Herbs are generally a shade of green.
Spices can be very colourful from rich brown to bright red to vibrant yellow. 

Herbs are generally best fresh.
Spices are generally best dried.

Herbs are can be used in sweet dishes, but are more generally used in savoury dishes.
Spices frequently cross back and forth between savoury and sweet dishes.

Herbs will be added nearer the end of cooking for their full flavour to be exacted. 
Spices are generally added near the start of cooking so their intensity can be allowed to blend and mellow.

Here are some common samples of herbs and spices:

Common Herbs

Common Spices

oregano

cinnamon

parsley

cloves

thyme

ginger

basil

nutmeg

rosemary

peppercorns

marjoram

saffron

savoury

turmeric

dill

paprika



While most herbs can be easily found fresh in the produce section of most larger supermarkets, in smaller towns and different regions they are not always easily accessed.  While the flavour of fresh herbs can't be beat, dried herbs are a great option for most recipes.  The key is storage.

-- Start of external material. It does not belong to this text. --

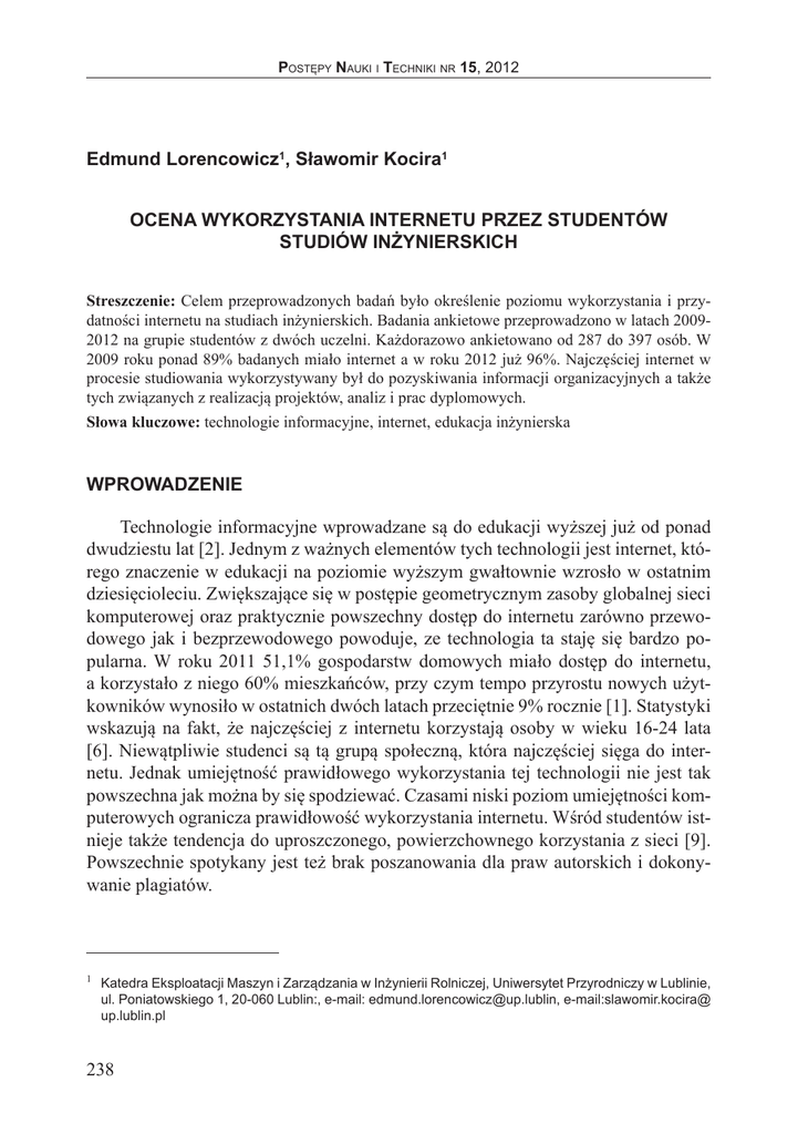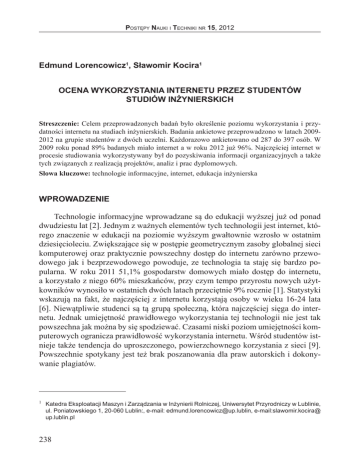 Postępy Nauki i Techniki nr 15, 2012 Edmund Lorencowicz1, Sławomir Kocira1 OCENA WYKORZYSTANIA INTERNETU PRZEZ STUDENTÓW STUDIÓW INŻYNIERSKICH Streszczenie: Celem przeprowadzonych badań było określenie poziomu wykorzystania i przydatności internetu na studiach inżynierskich. Badania ankietowe przeprowadzono w latach 20092012 na grupie studentów z dwóch uczelni. Każdorazowo ankietowano od 287 do 397 osób. W 2009 roku ponad 89% badanych miało internet a w roku 2012 już 96%. Najczęściej internet w procesie studiowania wykorzystywany był do pozyskiwania informacji organizacyjnych a także tych związanych z realizacją projektów, analiz i prac dyplomowych. Słowa kluczowe: technologie informacyjne, internet, edukacja inżynierska WPROWADZENIE Technologie informacyjne wprowadzane są do edukacji wyższej już od ponad dwudziestu lat [2]. Jednym z ważnych elementów tych technologii jest internet, którego znaczenie w edukacji na poziomie wyższym gwałtownie wzrosło w ostatnim dziesięcioleciu. Zwiększające się w postępie geometrycznym zasoby globalnej sieci komputerowej oraz praktycznie powszechny dostęp do internetu zarówno przewodowego jak i bezprzewodowego powoduje, ze technologia ta staję się bardzo popularna. W roku 2011 51,1% gospodarstw domowych miało dostęp do internetu, a korzystało z niego 60% mieszkańców, przy czym tempo przyrostu nowych użytkowników wynosiło w ostatnich dwóch latach przeciętnie 9% rocznie [1]. Statystyki wskazują na fakt, że najczęściej z internetu korzystają osoby w wieku 16-24 lata [6]. Niewątpliwie studenci są tą grupą społeczną, która najczęściej sięga do internetu. Jednak umiejętność prawidłowego wykorzystania tej technologii nie jest tak powszechna jak można by się spodziewać. Czasami niski poziom umiejętności komputerowych ogranicza prawidłowość wykorzystania internetu. Wśród studentów istnieje także tendencja do uproszczonego, powierzchownego korzystania z sieci [9]. Powszechnie spotykany jest też brak poszanowania dla praw autorskich i dokonywanie plagiatów. 1 Katedra Eksploatacji Maszyn i Zarządzania w Inżynierii Rolniczej, Uniwersytet Przyrodniczy w Lublinie, ul. Poniatowskiego 1, 20-060 Lublin:, e-mail: [email protected], e-mail:slawomir.kocira@ up.lublin.pl 238 Postępy Nauki i Techniki nr 15, 2012 METODYKA BADAŃ Celem przeprowadzonych badań była ocena przydatności internetu w trakcie studiów oraz zaangażowania nauczycieli akademickich w stosowanie technologii informacyjnych w procesie kształcenia. Ocenę oparto o opinie studentów zebrane w trakcie badań przeprowadzonych w latach 2010, 2011 i 2012 na przełomie roku na grupie od 300 do 400 studentów z Uniwersytetu Przyrodniczego w Lublinie oraz Państwowej Wyższej Szkoły Zawodowej w Chełmie [4, 5]. Badaniami ankietowymi objęto słuchaczy studiów pierwszego stopnia z kierunków inżynierskich: edukacja techniczno-informatyczna, rolnictwo, technika rolnicza i leśna, transport oraz zarządzanie i inżynieria produkcji. Ankieta zawierała pytania pogrupowane w trzy bloki dotyczące użytkowanego sprzętu komputerowego i sposobu jego wykorzystania; dostępu do internetu, rodzaju informacji i częstotliwości korzystania z zasobów internetowych oraz wykorzystania technologii informacyjnych przez studentów i nauczycieli akademickich w procesie kształcenia. Zebrane dane po weryfikacji i sprawdzeniu kompletności zestawiono w arkuszu Excel, za pomocą którego wykonano analizę. CHARAKTERYSTYKA BADANEJ POPULACJI W badaniach prowadzonych w okresie 2009-2012 przeważali studenci z kierunku „zarządzanie i inżynieria produkcji” – 43% oraz „rolnictwo” – 36%. Najwięcej było studentów z drugiego – 40% i pierwszego roku studiów – 34%. Udział studentów studiów niestacjonarnych wynosił jedynie 2% (rys. 1). Rys. 1. Struktura ankietowanych według kierunku i roku studiów Fig. 1. Structure of surveyed students according course and year of study Źródło: Badania własne W latach badań wzrastała dostępność do internetu. W roku 2009/10 bezpośredni dostęp do internetu miało 84,9% ankietowanych a w roku 2011/12 już udział ten wynosił 96,5% (rys. 2). 239 Postępy Nauki i Techniki nr 15, 2012 Rys. 2. Dostępność do internetu w badanych populacjach studentów Fig. 2. Internet access in surveyed students population Źródło: Badania własne Należy też podkreślić fakt, że pomimo powszechności technologii informacyjnych nie każdy badany student dysponował własnym komputerem. W roku 2009/10 było to 18 studentów, którzy stanowili 6,3% populacji, w 2010/11 – 16 studentów (5%) a w ostatnim roku badań 17 studentów (4,3%). Byli to głównie studenci pierwszych lat i analiza wskazuje, że w kolejnych latach blisko 100% badanych dysponowało komputerami. Jest to zgodne z wynikami uzyskanymi w badaniach przeprowadzonych przez firmę Samsung Electronics, gdzie udział studentów nie posiadających komputera wahał się od 6 (duże miasta) do 9% (małe miasta) [7]. WYKORZYSTANIE INTERNETU W kolejnych latach badań wzrastał udział osób korzystających z internetu codziennie z 63,5% w badaniach 2009/10 do 74,1% w roku 201/12 (rys.3). Kilka razy w tygodniu korzystało z internetu około 20% ankietowanych, a jedynie 4,8% raz w tygodniu lub rzadziej. Rozwój technologii i coraz powszechniejsza dostępność do sieci, m.in. poprzez telefony komórkowe powoduje, że zaczyna zacierać się różnica w częstotliwości i prawdopodobnie w najbliższym okresie studenci będą korzystać z internetu tak samo często jak z telefonów komórkowych, a jedynie nieliczne osoby będą unikać tej technologii. Nie stwierdzono przypadków nieskorzystania z internetu, choć jest to prawdopodobne i z innych badań wynika, że udział takich studentów wynosił 0,8% [9]. Można sądzić, że nie dotyczy to kierunków inżynierskich. Już teraz 90,6% ankietowanych określiła wysoką przydatność internetu w stu

Tips for Storing and Keeping Dried Herbs and Spices

  1. Keep the herbs and spices in sealed containers - the one it came in, or perhaps mason jars or even small plastic containers.  I use 250-ml (1 cup) storage containers, as they usually hold the entire contents of a bag of herbs found in the spice aisle of the grocery store.
  2. Do not keep open bags of herbs and spices - it's tempting to refill a purchased jar and keep the open bag (or perhaps even clipped shut) in the cupboard, but this is not a good idea.  The flavour will be compromised due to its exposure to the air and it will mingle with the aromas of other spices and herbs, so your cinnamon will taste slightly of garlic, while your thyme may have a hint of ginger.
  3. Label the spice jar, bag or container with the purchase date. 
  4. Dried herbs and spices should be kept for no longer than 6 months as they will begin to lose their flavour and intensity once opened.  Spices can turn rancid.
  5. If you haven't used a spice or herb within 3 months of buying it, it may be likely you won't ever use it.  Find out if a friend can use it or donate it to a soup kitchen, nursing home or even a school lunch program.  They may be able to use them quickly so they won't go to waste.
And these tips are a good rule of thumb for other baking ingredients such as baking powder and cream of tartar, as well as condiments such as hot sauce and mustard.  There are no food products with an unlimited shelf life.

If trying a new herb or spice, consider buying a small quantity from the bulk aisle of a very busy supermarket (to ensure it turns over frequently) or a spice shop (often found in larger centres).  Buying only a couple of teaspoons will cost pennies and allow you to "try before you buy."


A last note - don't be fooled into buying a warehouse size container or bag of an herb or spice because it's "a better value".  If you rarely use the spice or decide you don't like it anymore and end up throwing most of it away, it wasn't a"value."  With the 6-month rule in mind, and how often you realistically plan to use the herb or spice, buy only the amount you will likely use.